Florida’s delegate-rich primary is March 15.
“Time is running out,” said Club for Growth spokesman Doug Sachtleben. “Trump could cost us a good shot at the White House, the Senate majority and ultimately the Supreme Court.”
The GOP’s 2012 nominee, Mitt Romney, who has become an in- creasingly loud anti-Trump voice in recent days, plans to deliver a major address about the presidential contest Thursday, hours before Trump and three other Republican candidates are slated to take the debate stage in Detroit, NBC News and other news organizations reported Wednesday.
Retired neurosurgeon Ben Carson announced Wednesday that he will not participate in the debate as he sees no “path forward” for his campaign.
A Trump nomination would be “a disaster” for Senate Republican candidates, said Rob Jesmer, a GOP strategist and former executive director of the National Republican Senatorial Committee. “People are just waking up to that reality in the last few days.”

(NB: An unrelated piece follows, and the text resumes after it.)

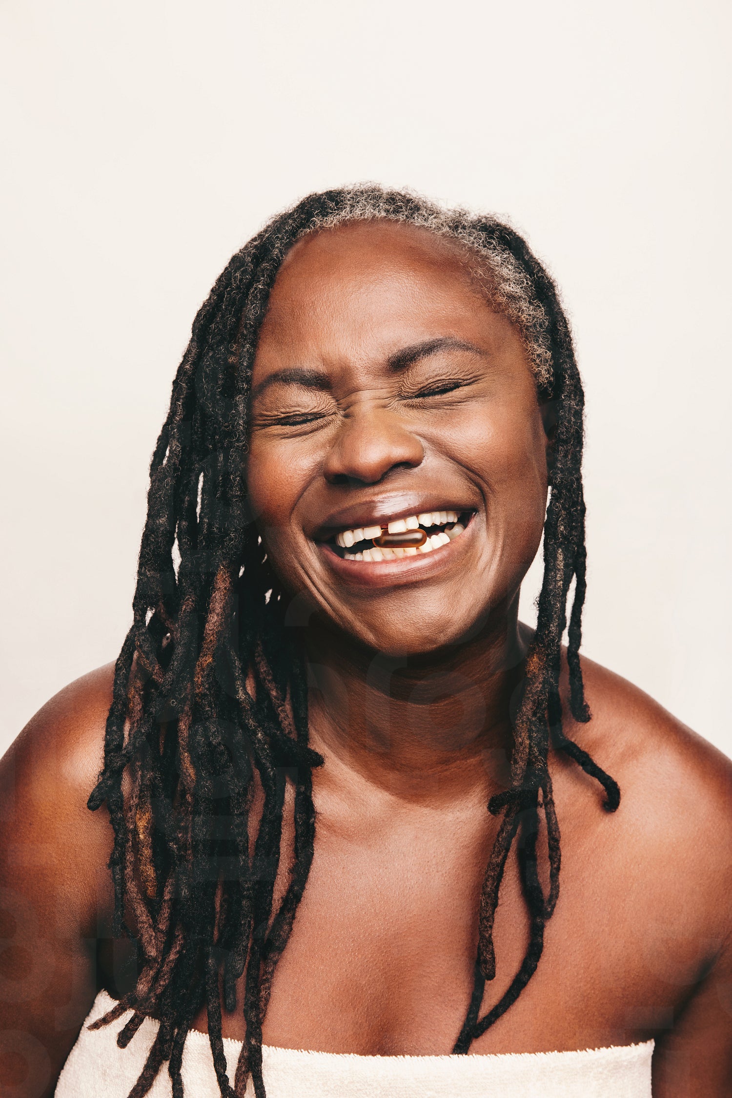 Happy woman smiling cheerfully with a capsule of Omega 3 fatty acids between her teeth. Mature woman with dreadlocks using nutritional supplements as part of a healthy self-care routine.

“His microphone is bigger than anyone’s in the whole country,” Jesmer said, and Senate candidates seeking to win over moderate voters in swing states would be forced to answer for Trump’s controversial statements and positions on issues such as deporting 11 million unauthorized immigrants from the country.
Fred Malek, finance chairman for the Republican Governors Association and a veteran party fundraiser, said a Trump nomination could imperil his party’s chances of picking up Democratic governors’ seats in Missouri, Montana, West Virginia, Vermont and New Hampshire, where the state’s Democratic Gov. Maggie Hassan is giving up her post to run for the U.S. Senate.

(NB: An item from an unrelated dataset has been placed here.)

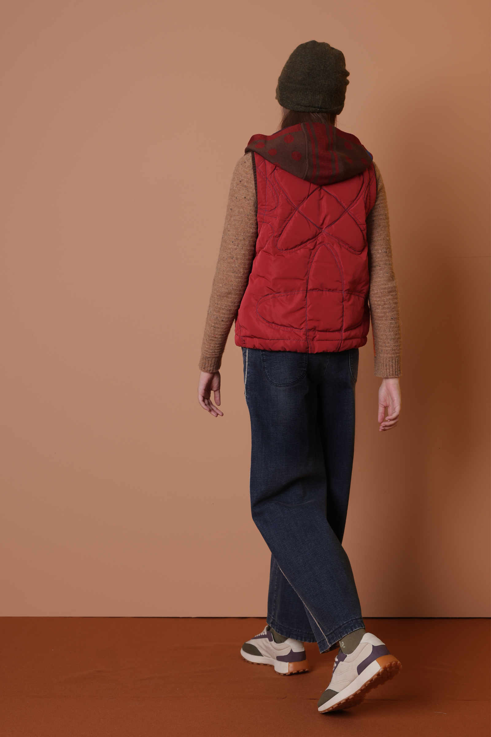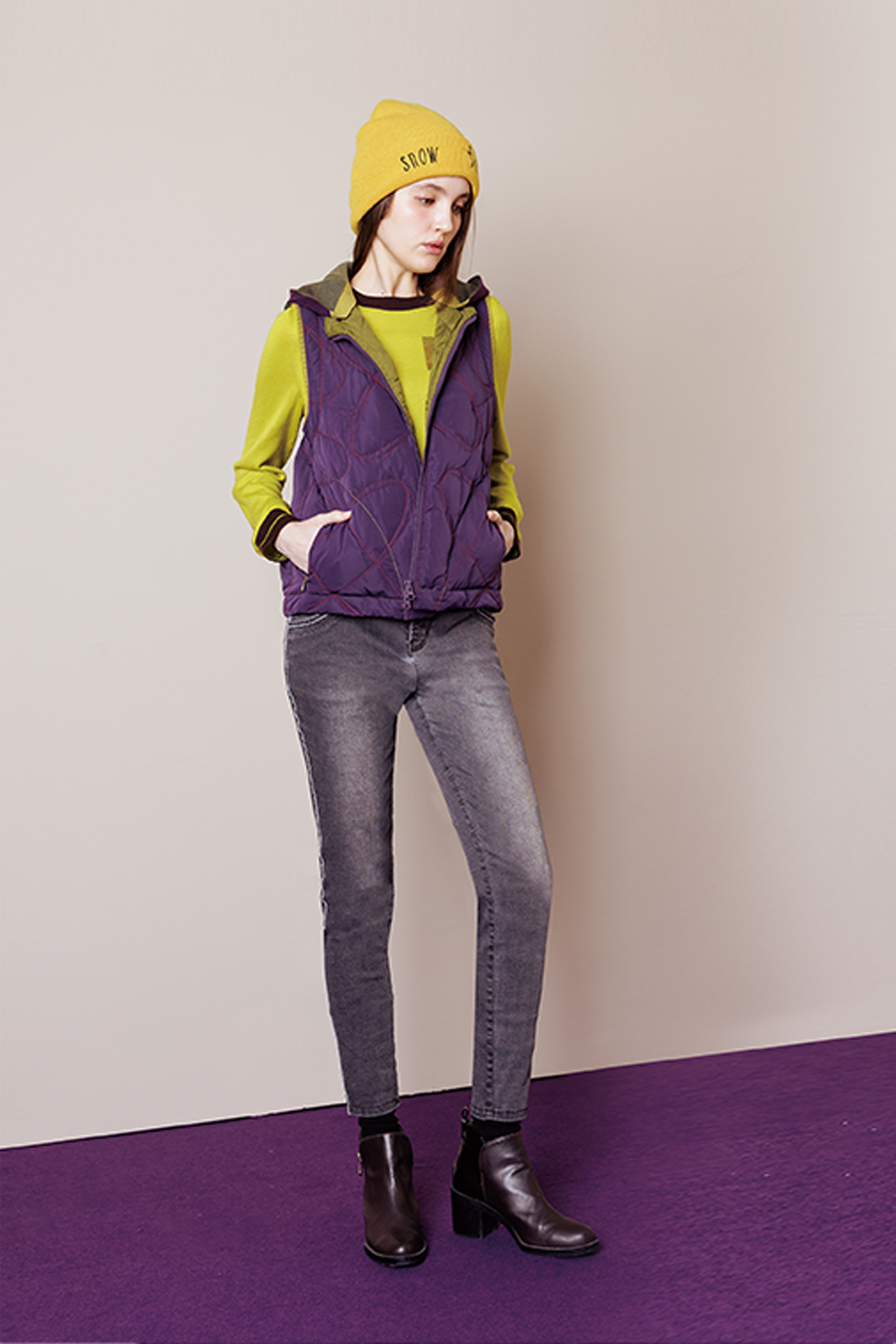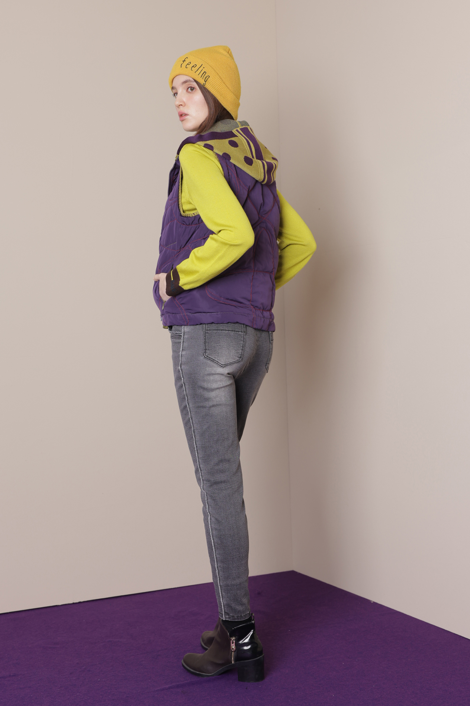 織趣波點羽絨背心

Republican donors are “alarmed, disappointed and frustrated” by Trump’s rise, he said.
Trump campaign officials did not immediately respond to a request for comment, but this week, Trump has sought to cast himself as a unifying figure expanding the party’s base. About 8.5 million Republicans voted in the 11 Super Tuesday states this week, a big jump from the roughly 4.7 million who participated in GOP nominating contests in those states four years ago.
“Rome is burning,” Jesmer said. “I think Trump can be stopped, but with every passing day, that becomes more difficult.”